Monday, October 18, 2010

Democratic Israel

In an effort to head off criticism of Israel's slide away from democracy, Prime Minister Netanyahu todayexpanded the scope of the "loyalty oath." Not just non-Jews, but new, Jewish citizens will be required to swear allegiance to "a Jewish and democratic state." First, the silver lining: this is a first step away from the racial basis for Israeli citizenship. This is a healthy move away from the discriminatory Israeli Law of Return
But that's as far as the good news goes.
This law betrays a perverted notion of democracy. Democracy is not granted in reward for adhering to a political dogma: democracies are tested in their ability to accept dissent.
This might be expected from Foreign Minister Avigdor Lieberman with his anti-democratic platform, but not from Netanyahu - who started his career by speaking like an American.

So, how are the Israeli government's anti-American shenanigans playing in America?

Last week, my temple hosted a political event. The Washington-based political action group, the American-Israel Political Action Committee (AIPAC) sent a representative to lay out that group's agenda. I could not attend the session because of my teaching responsibilities that morning but, several people came to me with one 'take-away' concept from the presentation. They all learned from the presenter that "Israel is a democracy. We, as Americans must respect Israel's decisions and not interfere even when we disagree with the elected government's decisions."

I take issue with that statement on its assumption and conclusion:

Assumption: Israel is a democracy
Israel is a limited democracy. The Palestinians in the Occupied Territories, whose lives are governed by Israeli officials and subject to review by Israeli courts have no representation. Israeli democracy does not extend to them., and they have no one to speak up for them. This plays out in their ability to access healthcare, freedom of movement, land rights and ownership. Fundamentally, it places the Occupation officials that rule Palestinian life beyond the reach of democratic oversight.

Within the 1948 border, Palestinian-Israeli citizens as individuals are nominally co-equal with their Jewish neighbors. However, their participation in public life is curtailed. Overt racial discrimination on land use is practised against Arabs by state-affiliated agencies such as the JNF and the Israel Lands Administration. The Basic Laws - the building blocks of Israel's constitution - explicitly prefer Jews to Arabs.
All in all, the 50% of people who are subject to Israeli control do not have full access to democracy as we understand it in America. Therefore, any argument presented to American Jews on the grounds that Israel is a "democracy" is essentially flawed.

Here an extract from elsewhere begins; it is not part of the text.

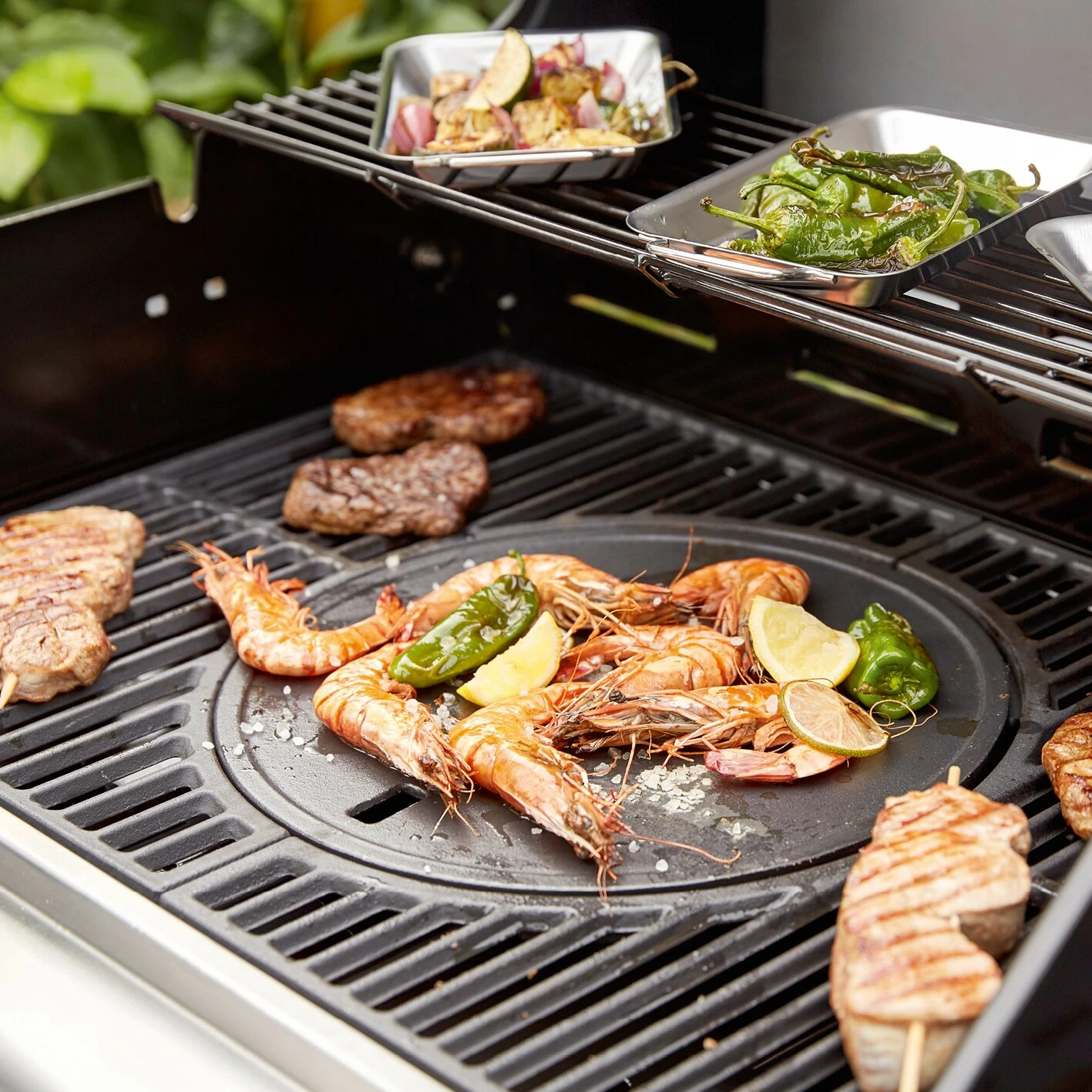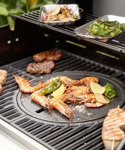Die Grillplatte AG-IV-100 von LANDMANN ist Teil des LANDMANN Modulus-Systems mit auswechselbarem Basiseinsatz in der Mitte. Diesen nimmst du mit dem Grillrostheber einfach heraus und setzt stattdessen die Grillplatte aus emailliertem Gusseisen ein. Sie ist ideal für kleinteiliges Grillgut geeignet, das dir nun nicht mehr durch den Grillrost fallen kann. Du kannst sie beidseitig verwenden und z. B. auf der gerippten Seite Shrimps grillen, während sich auf der flachen Seite Spiegeleier zubereiten lassen. Gusseisen ist schwer und robust. Die Grillplatte AG-IV-100 von LANDMANN hat außerdem den Vorteil, dass sie aufgrund des Materials die Hitze besser speichern und gleichmäßig auf der gesamten Grillfläche abgeben kann.

"Americans must respect Israel's government and not interfere in Israeli decisions"
I have two objections to this argument:
1) Since the Arabs in Israel are not able to speak for themselves, we cannot accept Israeli decisions.
Furthermore, this position by this American political group runs counter to what Israelis ask of us as non-Israeli Jews. A couple of years ago I helped chauffeur a contender for the Israeli premiership as he toured Jewish Chicago. Israeli parliamentarian Ophir Paz-Pines came to Chicago to build his case for leading Israel. We witness a steady stream of well-publicized Israeli missions from NGOs, political activists and statesmen. Since they seek to engage us in the Israeli political discourse, why is an American organization urging us not to?

2) American Jews - I have learned - enjoy a strong tradition of engaging in regular, political action. American Jews not only vote in very high numbers but also act by going to Washington, visiting their congressman, writing letters, attending rallies etc.. In fact, the American-Israel Political Action Committee encourages this very advocacy for the policies it supports. Why, then, when it comes to Israeli actions that we disagree with do they urge us to sit back? Which is it: are we called to act on Israeli actions, or not?

The Israeli government claims to act on behalf of Jews who are not Israeli. Furthermore, it colonized the west Bank with Jewish Israeli settlers, under the legal framework of non-Israeli Jews (WZO). That is invitation enough for us as non-Israeli Jews to engage in political action.

One caveat: there is one area that I agree - despite Israeli urgings to the contrary - that non-Israeli residents should not get involved: voting in Israeli elections. Even though I hold Israeli citizenship and Israeli political parties have urged me to vote (even to the point of offering free airfare so I can cast my ballot in Israel), I have not voted in an Israeli election since leaving the country.
That should be left to residents of Israel.